Wielu z nas ma spory dylemat, czy nasze osobiste starania i działania mają jakiś wpływ na sytuację ekologiczną świata. Przecież skala problemów jest tak ogromna, że potrzebne są przede wszystkim zmiany systemowe – na poziomie krajów, kontynentów, a nawet na poziomie globalnym. Moja odpowiedź jest taka, że konieczne jest i jedno, i drugie. Działając na rzecz zmiany systemowej, wołając o nawrócenie ekologiczne świata, muszę zaczynać od siebie, od osobistego nawrócenia i codziennych właściwych wyborów. Wtedy widzimy wymiar moralny tych wszystkich zagadnień, a dbając o wewnętrzną spójność, stajemy się wiarygodni. I głosimy sobą orędzie, że przemiana świata zaczyna się od przemiany własnego serca, że to, co cenne, piękne i dobre w świecie, jest też takim dla nas.

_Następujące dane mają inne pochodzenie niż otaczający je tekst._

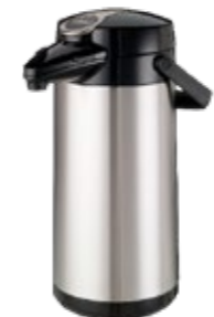
VACUUM AIRPOT ABB0022 2.2LT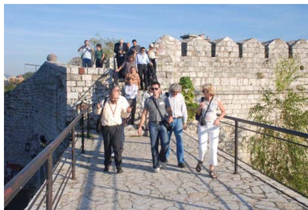
Sightseeing – The fortress of Niš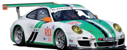
Porsche 997 Grand Prix Mosport 2011 #54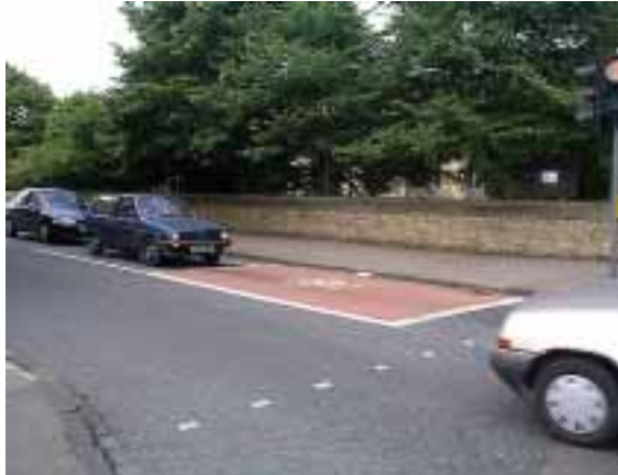
Simple but effective: an advanced stop line on Coldham's Lane

Advanced Stop Lines (ASLs) are a low-cost but highly-effective way of helping cyclists at junctions. They reallocate road space from motor traffic to cycles at precisely those locations where cycles have the greatest difficulty and where collisions are most likely to occur.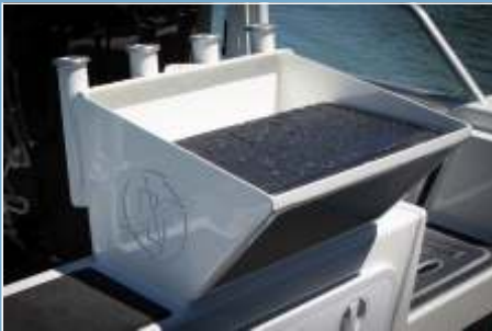
SMALL BOX STYLE BAIT STATION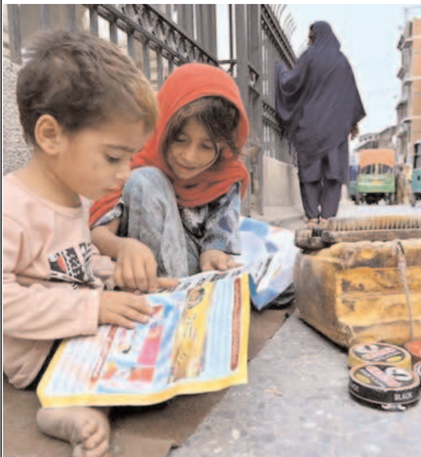
PESHAWAR: A young shoe polish girl balances study and work, teaching her brother while earning at Chowk Yadgar.

Pisząc niniejszy przewodnik, chcę najpierw ustalić nasze miejsce w świecie – ja jako chrześcijanin i ekolog wobec wielkich i małych spraw świata, wobec Kościoła i ruchu ekologicznego. To ważne, bo często jako chrześcijanie wrażliwi na przyrodę albo jako aktywiści szukający swego miejsca w Kościele czujemy się zagubieni. Kilka stron chciałbym poświęcić myśleniu franciszkańskiemu w ekologii, aby potem z patronem ekologów wyruszyć na pielgrzymkę przez codzienne życie według ekologicznych zasad. W końcu chcę pokazać garść inspiracji, jakie możemy znaleźć w Kościele, znanych, mniej znanych i nieznanych, które pomagają mi w tworzeniu w sobie chrześcijańskiego myślenia ekologicznego. Celem będzie Kościół bardziej zielony i bardziej gościnny dla nas wszystkich.
Niektóre z tych myśli były już ujawnione na moim blogu, w różnych tekstach i wystąpieniach. Teraz zostały uporządkowane i rozwinięte.